Aris juga meminta setiap OPD memperhatikan target waktu penyelesaian pekerjaan. Ia mengingatkan agar kelalaian dalam menjalankan program maupun proses perencanaan dan penganggaran tidak menyebabkan pekerjaan pemerintah daerah terlambat.
“Jangan sampai karena kita lalai, pekerjaan menjadi terlambat,” katanya.
Ia menyebut Pemkab Banggai Kepulauan saat ini tengah melakukan penyusunan rencana pembangunan. Dokumen tersebut telah melalui tahapan pembahasan dan selanjutnya akan disampaikan kembali kepada publik untuk memperoleh masukan sebelum masuk ke tahap pembahasan berikutnya.
Aris menegaskan waktu pembenahan tidak banyak. Karena itu, seluruh OPD diminta bergerak lebih cepat dan menunjukkan hasil perbaikan sebelum akhir 2026.

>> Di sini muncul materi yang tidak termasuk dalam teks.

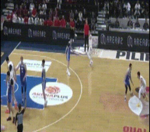 張鎮麟上場,賀希寧下去休息。張鎮麟上場背對陳盈駿,馬上一個轉身投籃,命中。
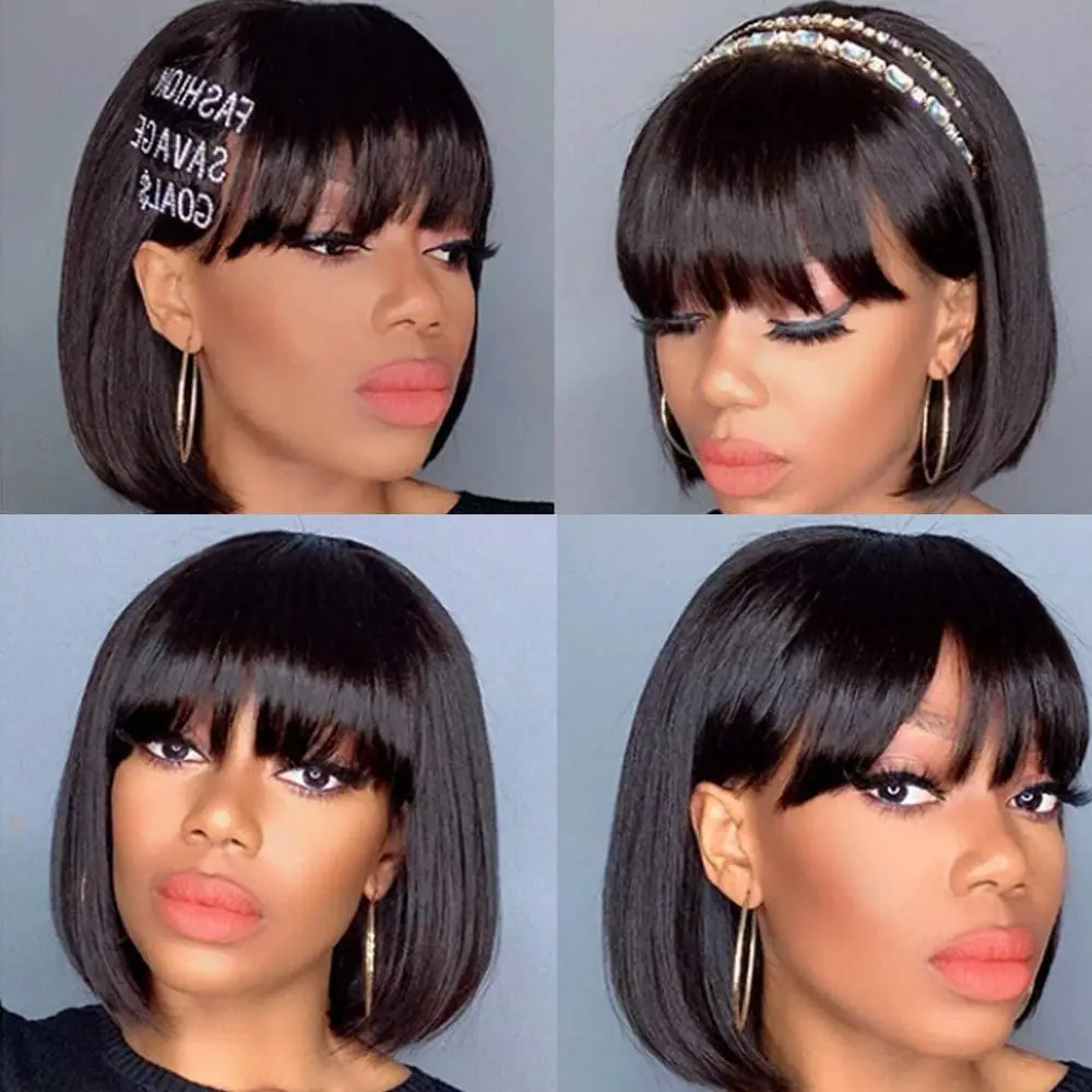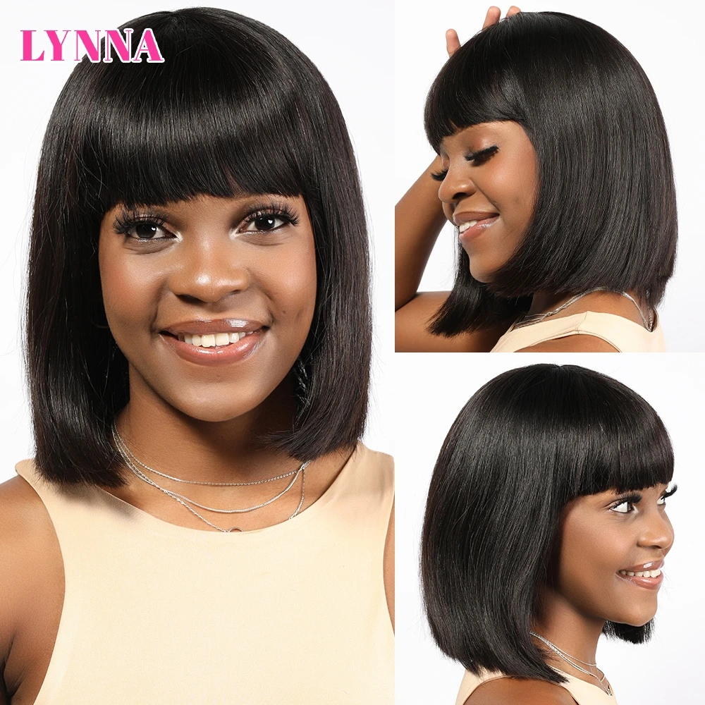 Парик черный Боб с бахромой, бразильские волосы, короткий Боб, парик для женщин, прямые человеческие волосы, парики с челкой, 10 дюймов, натуральный черный

“Waktu kita terbatas. Sampai dengan 31 Desember harus sudah ada perbaikan dan pembenahan yang bisa kita tunjukkan,” ujarnya.
Ia menekankan bahwa peningkatan integritas, kedisiplinan, etika kerja, tata kelola dan pelayanan publik harus dilakukan secara bersama-sama untuk memperbaiki kepercayaan masyarakat terhadap pemerintah daerah.